I’ve been using nginx for this blog and other sites for well over a year, beginning with Ubuntu 8.10. I have had to figure out some things, but overall I have been very pleased. I have upgraded the server for each Ubuntu release since then with no real problems. Yesterday I upgraded to 10.04 and thought all was well when I went to bed last night. However, at some time during the night all of my sites began to return 504 Gateway Timeout
errors. Hmm.
I did some checking in logs and detective work with top and such and found that my load averages were running between 6 and 8, on a server that has averaged less than 1 for well over a year. After some research, I discovered that the php-fastcgi process was spawning child processes that did not die off when complete. I have no idea why as I did not change any of the nginx, php-fastcgi or other settings. The high load averages dropped to 0 when I stopped the php-fastcgi service.
After some documentation reading and other failed attempts, I finally solved the 504 problem by making one change in my /etc/init.d/php-fastcgi
, adjusting PHP_FCGI_CHILDREN=5
to PHP_FCGI_CHILDREN=2
.
I would really like to figure out why the child processes were not ending properly before and why they are now and better understand what is going on. I’ve also noticed that the responsiveness of the site seems slower, but that could just be my imagination as I have no measurements to confirm/deny.

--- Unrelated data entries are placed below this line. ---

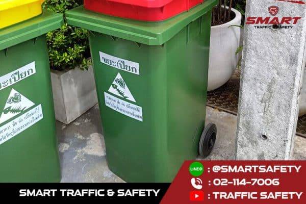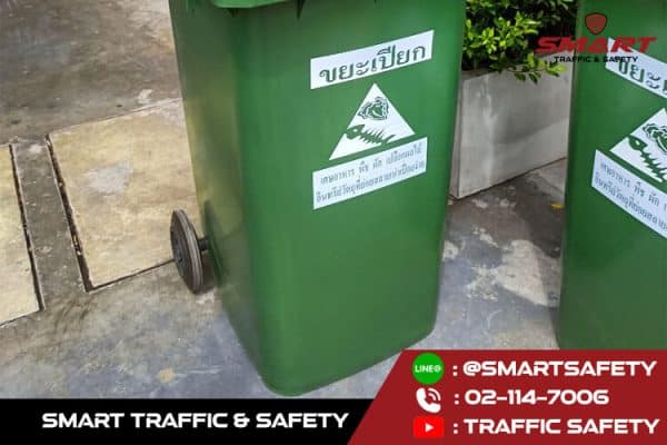ถังขยะสามาถสั่งทำสติ๊กเกอร์ชื่อหน่วยงานได้ ซึ่งทำให้บ่งบอกถึงชื่อหน่วยงาน และเจ้าของ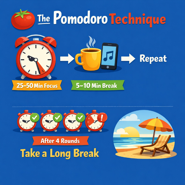 For longer attention spans, modify to 50-minute work blocks with 10-minute breaks. Experiment to find what maintains your peak focus. The key is predetermined work and break times, not flexible "I'll break when I feel like it" approaches.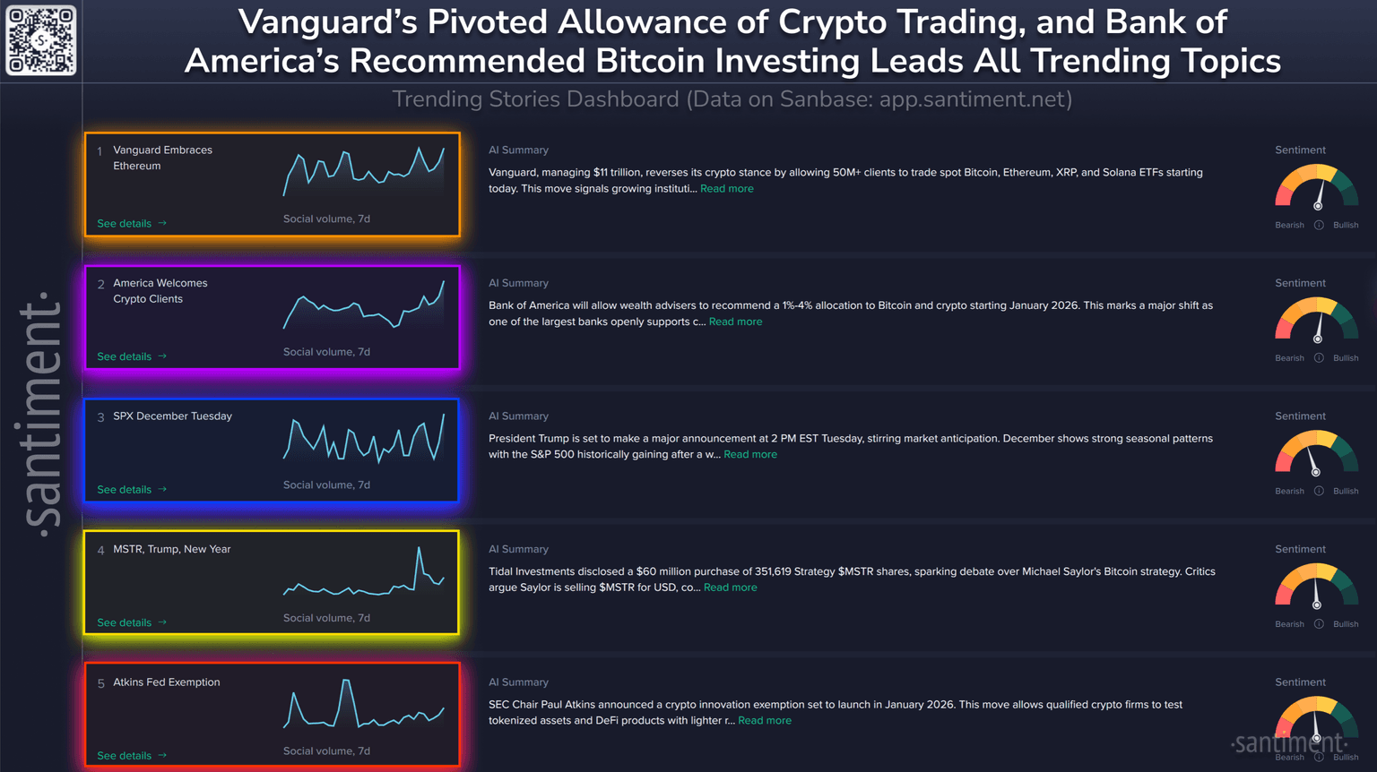 βοΈ Start every day by checking out which stories are driving crypto markets with the Santiment Trending Stories Dashboard here!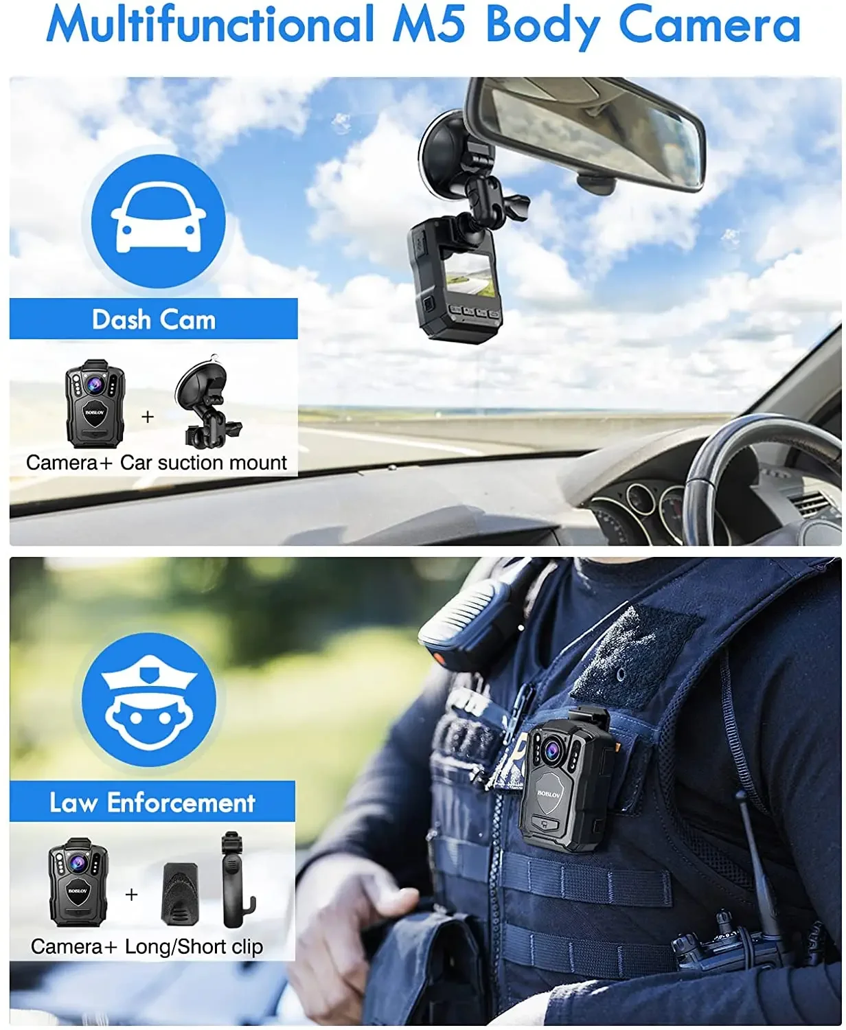【128GB Internal Memory Body Camera Packaging List and Warranty】Package includes 1x M5 body camera, 1x USB cable, 1x short 360° clip, 1x long 180° clip, 1x user manual. BOBLOV provides a two-year warranty for high-value products, with no worry for after-sale.

Anyway, if anyone has any ideas, please comment.
For those interested, here are my php-fastcgi, nginx.conf, and fastcgi_params files. Also, this is a 256M slice at Slicehost.
see the last notes on this page, maybe they could be related to your problem:
I came to the solution above by first noticing that it was child processes causing the problem and adjusting the children setting to 1 instead of 5. That solved the high server load problem, but didn’t allow any child processes (and they are quite necessary with this setup). However, setting it to 2 allowed the site to work without running up high averages. I’m still trying to figure out why.
Sigh. The “solution” wasn’t one. It helped, but didn’t solve the problem. I just had to restart the php-fastcgi service as it was taking all the processor power with zombies. If the blog stays up and you are able to post, I’m open to any ideas.
I’m going to change PHP_FCGI_MAX_REQUESTS from 125 to 30 and see if only allowing that few connections before killing the process and restarting it will help. I originally changed this from 1000 to 125 when I first installed nginx on this server and it helped significantly.
EDIT: This seemed good at first, but once 30 requests was reached it killed php-fastcgi and it didn’t respawn. That meant no sites were accessible. Bummer.
Thanks. I’ll read through that and see if it helps.
These parts seemed helpful.
I set the children to 0 and the max_requests back to the default of 1000. It stayed up while I tested a little, but I want to monitor and will probably adjust more throughout the next 24 hours.
EDIT: That worked poorly…whether I set max_requests to 30 or 1000, whenever it gets there it kills the php-fastcgi process. That makes all the sites return a 502 Bad Gateway error. Yeah, I can just restart the process, but I shouldn’t have to do that every hour (or less).
Hmm. Could a mysql bottleneck cause this? Perhaps queries are backing up and taking all of the alloted processes?? Well, I’m out of other ideas, so I’ll look into it. (Honestly, I don’t know if anyone is reading this, but it is handy for me to keep notes.)
I fixed the problem by moving to a new server at a different host. This wasn’t a completely a setup issue. The ultimate problem was that php5 got installed alongside php-fastcgi and they kept fighting over which one would process php. In the end, I was planning a host change and this made it a convenient time, however I did get the old server running properly again.